Malik wrote: Prove that if $a, b, c$ are positive real numbers, then the least possible value of \[6a^3 + 9b^3 + 32c^3 + \frac{1}{4abc}\] is $6$. For which values of $a, b$ and $c$ is equality attained? The minimum of $f(x)=ux^3+\frac 1{vx}$ when $u,v,x>0$ is reached when $3uvx^4=1$ *edited * : $v^2\to v $ Considering $a,b$ as parameters and $c$ as variable, minimum is reached when $3\cdot 2^7abc^4=1$ Considering $a,c$ as parameters and $b$ as variable, minimum is reached when $3^3\cdot 2^2ab^4c=1$ Considering $b,c$ as parameters and $a$ as variable, minimum is reached when $3^2\cdot 2^3abc^4=1$ Multiplying these three equalities gives $12abc=1$ and then : $12abc=1$ and $3\cdot 2^7abc^4=1$ gives $c=2^{-\frac 53}$ $12abc=1$ and $3^3\cdot 2^2ab^4c=1$ gives $b=3^{-\frac 23}$ $12abc=1$ and $3^2\cdot 2^3abc^4=1$ gives $a=6^{-\frac 13}$ Hence the answer : $\boxed{(a,b,c)=\left(\frac 1{\sqrt[3]6},\frac 1{\sqrt[3]9},\frac 1{\sqrt[3]{32}}\right)}$ and then value of expression indeed is $6$

$ 6a^{3}+9b^{3}+32c^{3}+\frac{1}{4abc}=6\left(a^3+\frac{(3b)^3}{18}+\frac{(4c)^3}{12}+\frac{1}{2a(3b)(4c)}\right)$ $\ge6\left(3\sqrt[3]{\frac{a^3(3b)^3(4c)^3}{2^33^3}}+\frac{1}{2a(3b)(4c)}\right)=6\left(\frac{a(3b)(4c)}{2}+\frac{1}{2a(3b)(4c)}\right)\ge 6$. The equality hold when $a(3b)(4c)=1$ and $a^3=\frac{(3b)^3}{18}=\frac{(4c)^3}{12}\Leftrightarrow a^3=\frac 16,\;b^3=\frac19,\, c^3=\frac{1}{32}$.

Hey pco! I don't understand where you got this from, can you explain?
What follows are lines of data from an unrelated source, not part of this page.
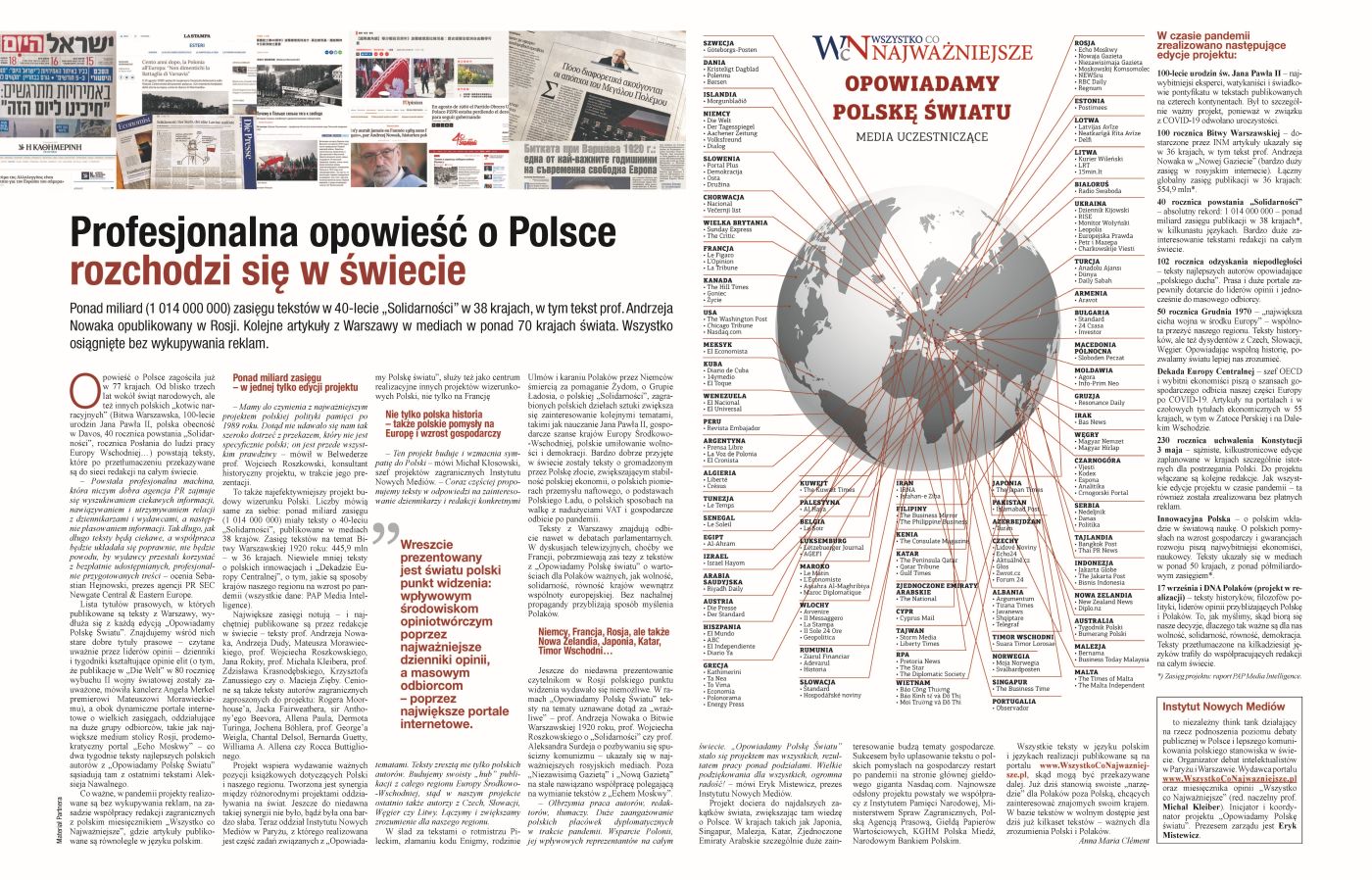 W „Rzeczpospolitej Plus Minus” z 18–19 września 2021 odnajdziemy podsumowanie projektu „Opowiadamy Polskę światu”, w ramach którego w dziennikach, tygodnikach i portalach internetowych na całym świecie ukazują się publikacje naukowców, historyków i polityków dotyczące historii Polski. Inicjatorem projektu jest Instytut Nowych Mediów, a partnerem Instytut Pamięci Narodowej.
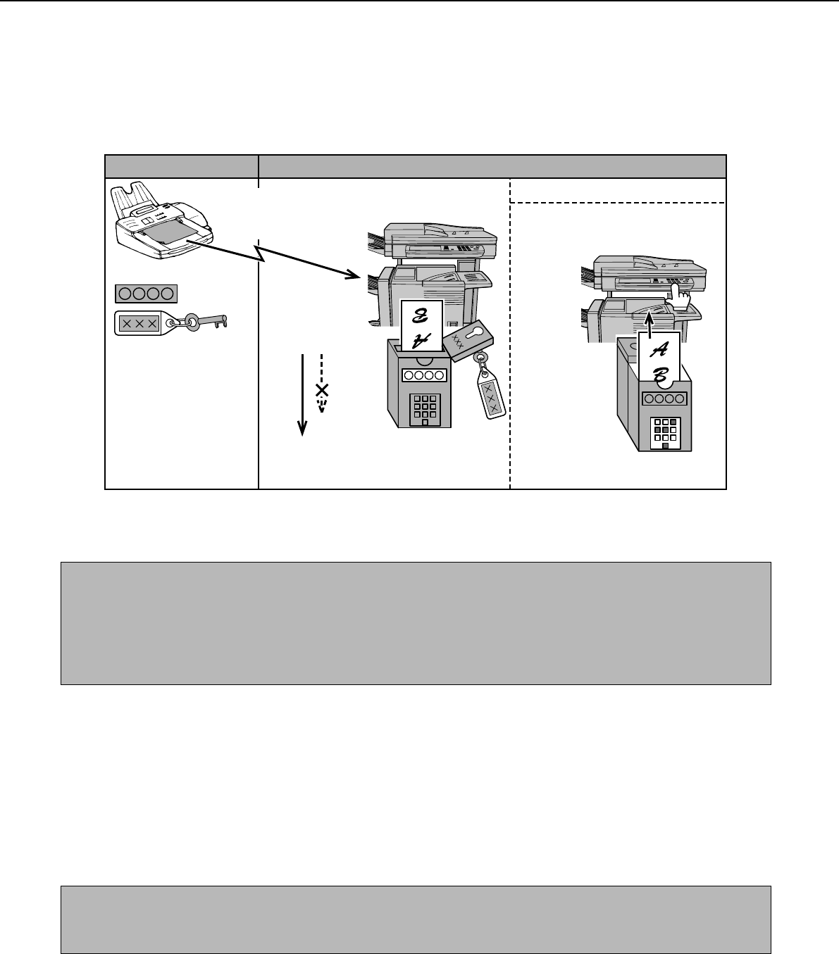This function is used to send confidential documents. The sub-address and passcode programmed for a memory box
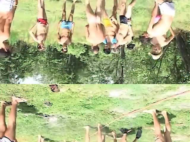 Twink orgy out by the pool with active cock eating and ass pounding, then they jerk off
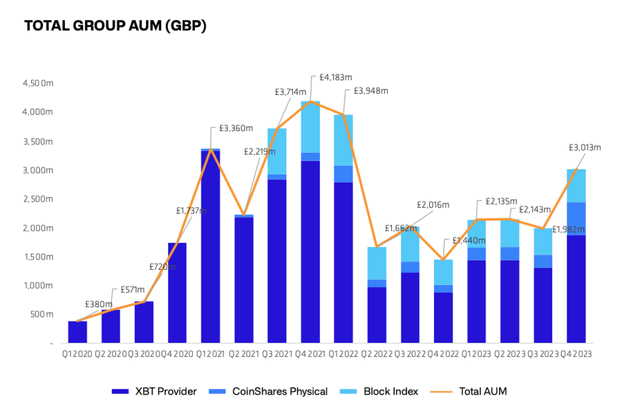 The company proudly boasts $3.81 billion in total assets under management (AUM) as of December 31, 2023. A significant chunk of this, around $3.09 billion, sits snugly on the balance sheet of the group’s exchange-traded products (ETPs) issued by XBT Provider and CoinShares Digital Securities. This figure, by the way, is highly dependent on the Bitcoin and Ether rates.
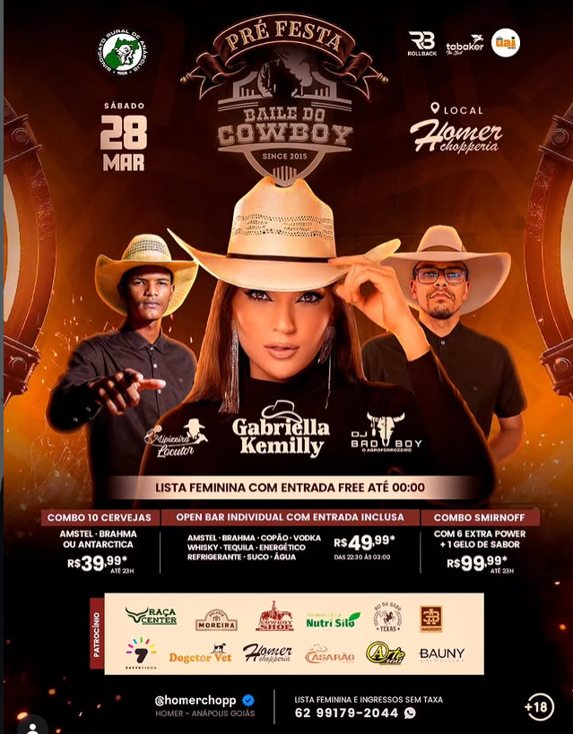 Neste sábado, tem a pré-festa do Baile do Cowboy no Homer, com a presença confirmada das candidatas a rainha da Expoana 2026. Quem comanda a noite é a DJ Gabriella Kemilly. Lista feminina com entrada grátis até às 00:00 no WhatsApp: 62 99179-2044.
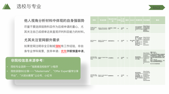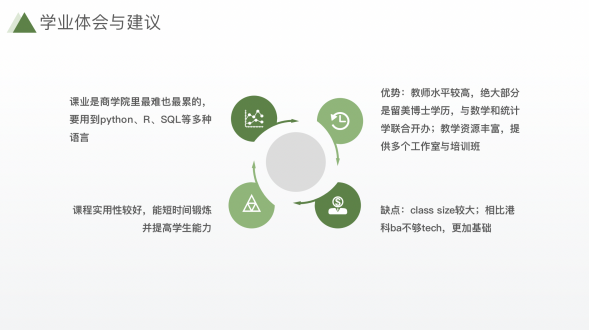 许晨韵首先从选校与专业、材料清单整理、材料准备、申请阶段等方面向同学们介绍了前期决策与经验,并提醒同学们不要盲目相信中介,相关申请材料可以直接查询学校官网。随后,她又从学业体会与建议、留学环境、生活经验等角度向大家分享了香港的生活体验。最后她鼓励同学们不要太执着于排名,可以从专业出发,对意向申请学校的专业进行排序筛选,找到适合自己的学校和专业。
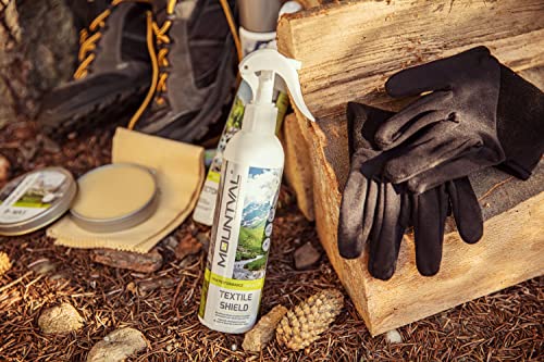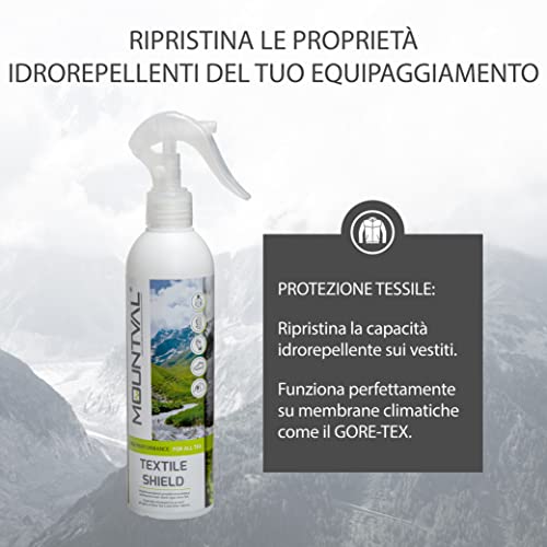 Mountval Textile Shield, Impermeabilizzante a Spruzzo per Climi Umidi e Abbigliamento da Trekking, Odore Gradevole, Funziona con GORE-TEX, Senza Solventi, 300 ml
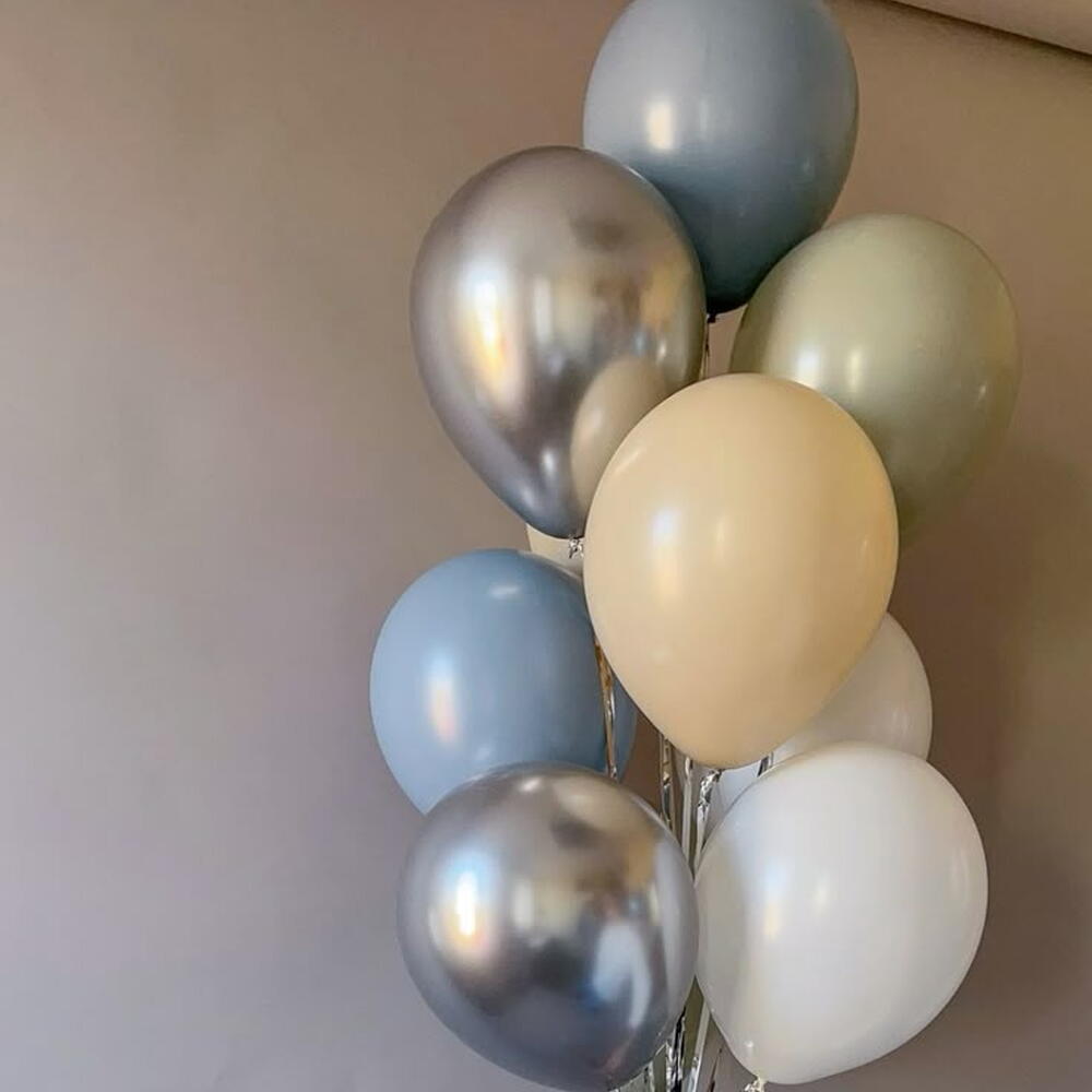 Una combinación etérea de azul, plata, durazno y blanco. ¡Perfectos para un ambiente suave y soñador! 2 - blanco globos 1 - olive globos 2 - plata globos 2 - azul globos 2 - beige globos
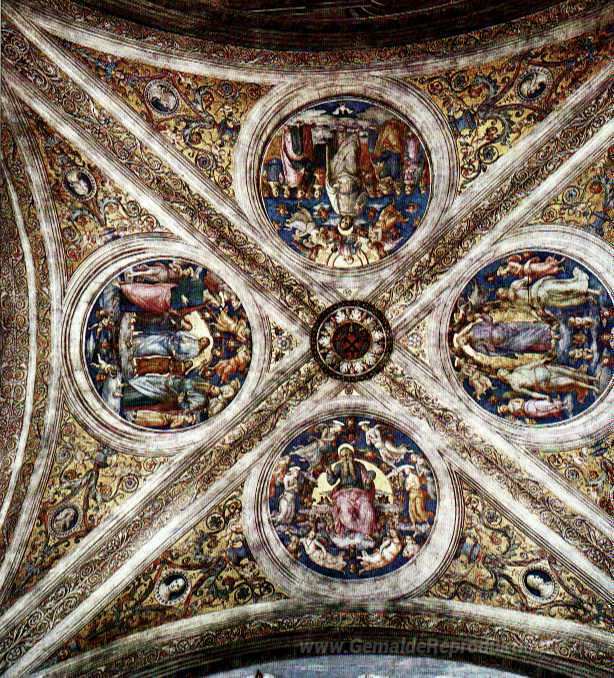 Wir bieten Ihnen eine handgefertigte Reproduktion auf Leinwand des berühmten Kunstwerks 'Die Decke mit vier Medaillons' von Pietro Perugino, aus dem Reproduktionsmuseum.
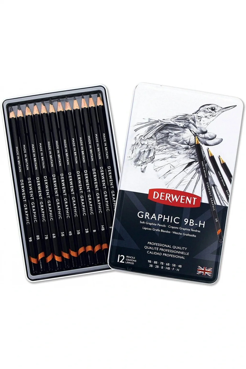 Profesyonel kalitede yumuşak grafit kalemler.; Her yaştan profesyonel sanatçılar ve amatörler için mükemmeldir.; ; İnce detaylı çizimler veya çiziminize gölge ve doku eklemek için idealdir.; ; Yuvarlanmayı önleyici altıgen gövde, standart kalemtıraş makinelerine uyar ve daha fazla hassasiyet ve kontrol sağlar, Uzun süreli kullanım için kolay keskinleştirilebilir ve kırılmaya karşı dayanıklıdır.; ; Masanızda yer kaplamadan kalemlere kolay erişim için çıkarılabilir kapaklı çekici metal kutu.; Derece numaraları beyaz ile kabartma yazılmıştır.; ; İçindekiler: 1x Set 12 Graphic Yumuşak Grafit Kalemi (6B, 5B, 4B, 3B, 2B, B, HB, F, H, 9B, 8B ve 7B), 34215;
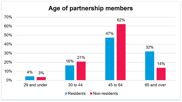With many non-resident partnership members there in a paid capacity it is no surprise to see that they are also generally of working age and therefore slightly younger than resident members. Almost a third (32%) of residents are 65 and over compared to just 14% for non-residents.
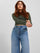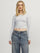 Fait de tricot côtelé, ce t-shirt présente une coupe courte pour une touche tendance et chic. À porter avec un jean taille haute pour un look tendance.
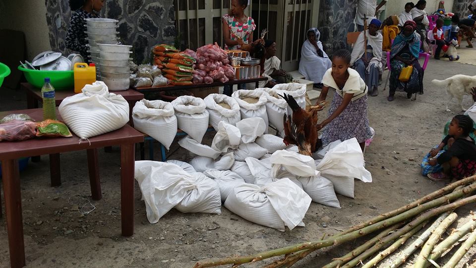 Thanks to all the amazing supporters who purchased Easter gifts for families in Ethiopia. A total of 37 parcels were bought and Marta and our volunteers from Hall Orchard headed down to the market to purchase the ideal items for families at Easter. The parcels will enable families to celebrate Easter in the traditional spirit as well as contributing to the local economy, farmers and traders who work at the market in Gondar. Families drifted in to the compound over the next week to pick up their gifts with plenty of time to prepare for the feast on the 12th April.
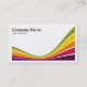 Un modèle de carte de visite avec un joli ruban comme motif composé de cinq bandes dans une palette de couleurs attrayante. Le même motif est également utilisé au verso de la carte, sauf qu'il est disposé verticalement et à droite en équilibrant le texte qui est disposé sur la gauche.Nom de l'entreprise et type d'entreprise sur le devant de la carte. nom, adresse téléphonique, email et adresse web sont disposés à l'envers.
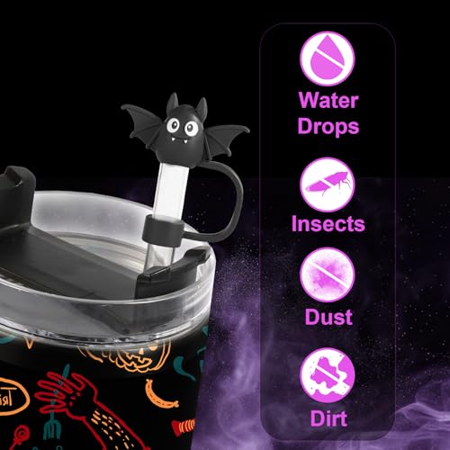 5pcs Halloween Straw Cover Cap for Stanley Cup 30/40oz, Spooky Silicone Straw Topper Bats Pumpkin Straw Tip Lid for 10mm Straws Tumbler Accessories Halloween Gifts Party Favors
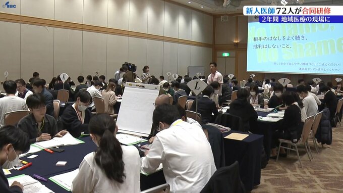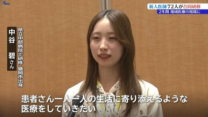 岩手県内にある病院で2年間の研修が始まった医師たちの合同研修会が盛岡市で開かれ、72人が医師としての心構えを学びました。
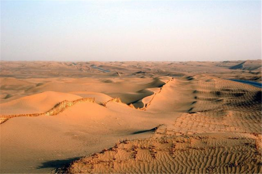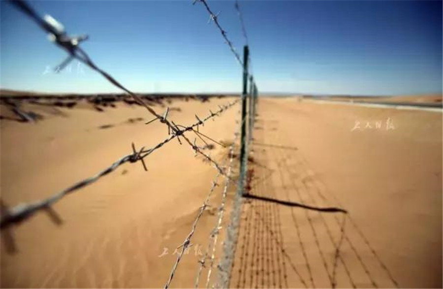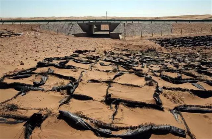 在穿越沙漠路段,有鳍形沙袋防风固沙
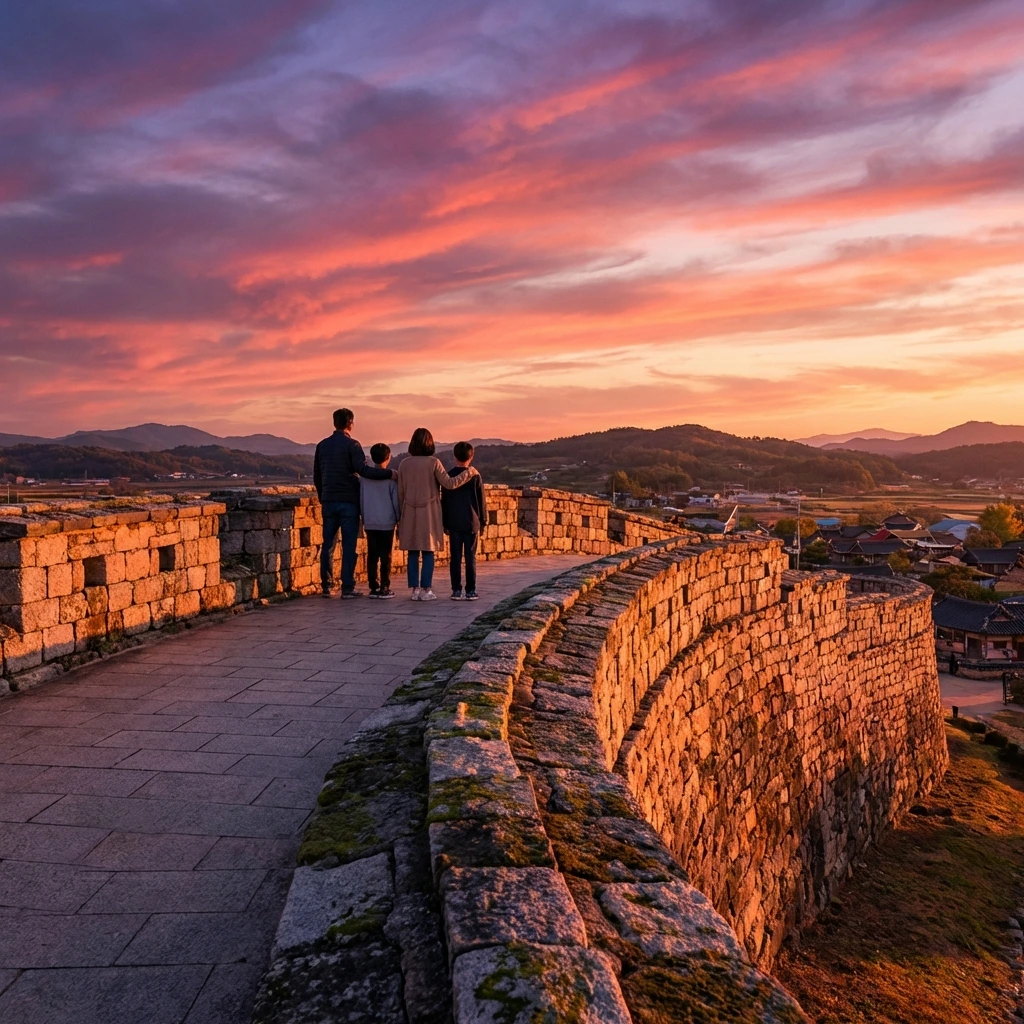 석양을 배경으로 성벽 위에서 가족 사진을 찍었다.

Considering a,b as parameters and c as variable, minimum is reached when $ 3\cdot 2^{7}abc^{4}=1 $ Thanks!!!

Just consider that we are looking at the minimum of $32x^3+\frac 1{4abx}$ and use the first line of my post with $u=32$ and $v=4ab$

How did this simplest method evaded everybody till now? \[6a^3 + 9b^3 + 32c^3 + \frac{1}{4abc} = 6a^3 + 9b^3 + 32c^3 + \frac{1}{12abc}+ \frac{1}{12abc}+ \frac{1}{12abc}\geq 6\sqrt[6]{\frac {6\cdot 9\cdot 32} {12^3}} = 6,\] with equality for $6a^3 = 9b^3 = 32c^3 = \frac{1}{12abc}$, hence when $abc=\frac{1} {12}$, and so $a=\frac {1} {\sqrt[3]{6}}$, $b=\frac {1} {\sqrt[3]{9}}$, $c=\frac {1} {\sqrt[3]{32}}$.